Antibody for Human Retrovirus May Promote Remyelination in MS

November 02, 2017

PARIS — A monoclonal antibody directed against a human retroviral protein thought to play a role in the multiple sclerosis (MS) disease process did not show a significant effect on the primary endpoint of a new phase 2 study: the number of gadolinium-enhancing (Gd+) lesions seen on monthly brain MRI scans from weeks 12 to 24 vs placebo.   

However, a post hoc analysis suggested the antibody, known as GnbAC1, in development by GeNeuro and Servier, may have an anti-inflammatory effect in active patients at the highest (18 mg/kg) of the three doses tested at week 24. In addition, at the same dose, a "promising" effect on remyelination was observed.

The CHANGE-MS study was presented here at last week's 7th Joint European Committee for Treatment and Research in Multiple Sclerosis-Americas Committee for Treatment and Research in Multiple Sclerosis (ECTRIMS-ACTRIMS) 2017 meeting.

"This is a completely novel therapeutic approach to multiple sclerosis directly targeting a potential cause of the disease, which appears to promote remyelination without directly affecting normal immunity," said lead investigator, Hans-Peter Hartung, MD, University Hospital Düsseldorf, Germany. 

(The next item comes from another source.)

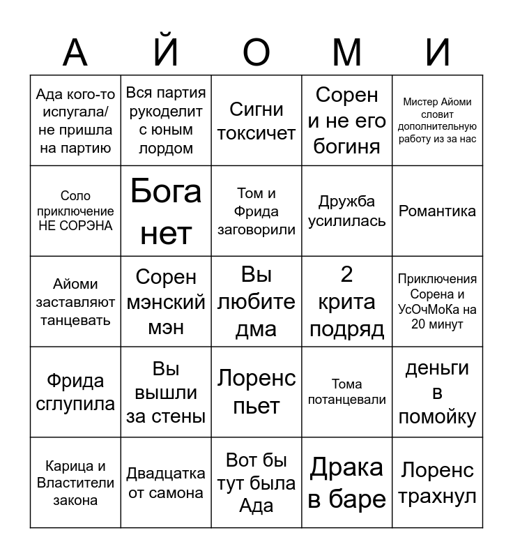 This bingo card has a free space and 24 words: Вы вышли за стены, Двадцатка от самона, Том и Фрида заговорили, Карица и Властители закона, Мистер Айоми словит дополнительную работу из за нас, Ада кого-то испугала/не пришла на партию, Соло приключение НЕ СОРЭНА, Вся партия рукоделит с юным лордом, 2 крита подряд, Лоренс пьет, Дружба усилилась, Айоми заставляют танцевать, Тома потанцевали, деньги в помойку, Бога нет, Драка в баре, Приключения Сорена и УсОчМоКа на 20 минут, Сигни токсичет, Романтика, Сорен мэнский мэн, Лоренс трахнул, Фрида сглупила, Сорен и не его богиня and Вот бы тут была Ада.

"While we failed to show a significant effect on the primary outcome of this study — the number of Gd+ lesions at 6 months — there did appear to be a trend suggesting an effect later in the course," he commented to Medscape Medical News.

"And a particularly interesting observation was that the agent did seem to be associated with remyelination as documented by increased magnetization transfer ratio (MTR) values on MRI. This effect was very robust and encourages us to pursue this approach further."    

He added: "We are continuing to follow patients, and it will be interesting to see what will happen at week 48. Based on the pharmacokinetic data it looks as if maximum concentrations are only reached after 4 months. We may have just missed an effect on Gd+ lesions at 24 weeks. We are also considering a study in secondary progressive MS where the remyelinating properties of this agent could be more obvious."

Novel Approach

Commenting on the study for Medscape Medical News, Jeremy Chataway, MA, PhD, FRCP, consultant neurologist, National Hospital for Neurology and Neurosurgery, University College London, United Kingdom, said, "This is suggestive early work but the higher dose looked encouraging. We need to wait for more data but there has been much interest in the idea of embedded viral genomes as possible causes of MS. This is an interesting and novel therapeutic approach." 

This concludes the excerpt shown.